Souveränität Afghanistans
Wenn jetzt innerhalb weniger Tage die politische Macht in die Hände der Taliban gefallen ist, bedeutet dies nicht, dass die territoriale Integrität Afghanistans wieder hergestellt ist. Es bestehen rivalisierende Kräfte außerhalb des Talibannetzwerks und dieses selbst ist mit Sicherheit nicht so homogen, wie es das propagandistische Geschrei unserer Medien unterstellt. Afghanistan bleibt im Fadenkreuz konkurrierender Großmächte. Es muss alles unternommen werden, um zu verhindern, dass diese neuerlich innerafghanische Rivalitäten für ihre Interessen missbrauchen und einen Bürgerkrieg entfachen. Die Wiederherstellung der Souveränität Afghanistans muss der erste Punkt auf der Agenda werden. Diplomatische, politische und wirtschaftliche Beziehungen müssen zu deren Stärkung beitragen. Blindwütige Sanktionspolitik gefährdet diese Ziele.
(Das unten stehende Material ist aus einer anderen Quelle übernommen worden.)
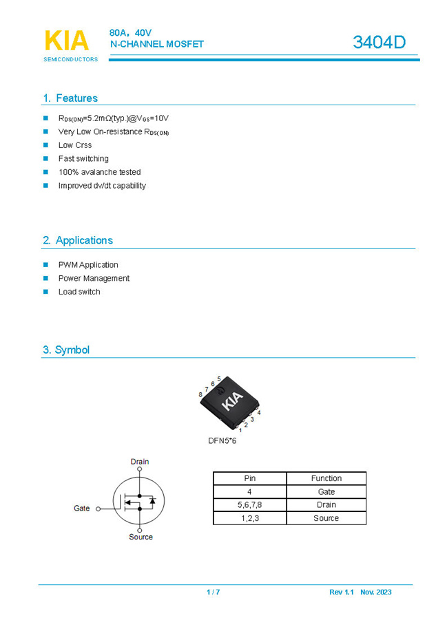 參數: ID(A): 80    BVDSS(V): 40    RDS(ON): 5.2    Qg(nC): 58    Package: DFN5*6

Freilich kann dies nicht bedeuten, gegenüber Menschenrechtsverletzungen und Frauenfeindlichkeit zu schweigen. Stärkung der afghanischen Souveränität ist die Voraussetzung um positiv zur sozialen Entwicklung, zur Stärkung von Menschen- und insbesondere Frauenrechten beitragen zu können. Die Großmächte haben diese Realität längst zur Kenntnis genommen. Es ist Zeit, dass das kleine Österreich seine Außenpolitik der letzten 30 Jahre einer gründlichen Revision unterzieht. Anstatt wie ein Claqueur in der fünften Reihe mitzuschreien, wenn es darum geht, ein Volk hinzurichten, gilt es die immerwährende Neutralität ernst zu nehmen.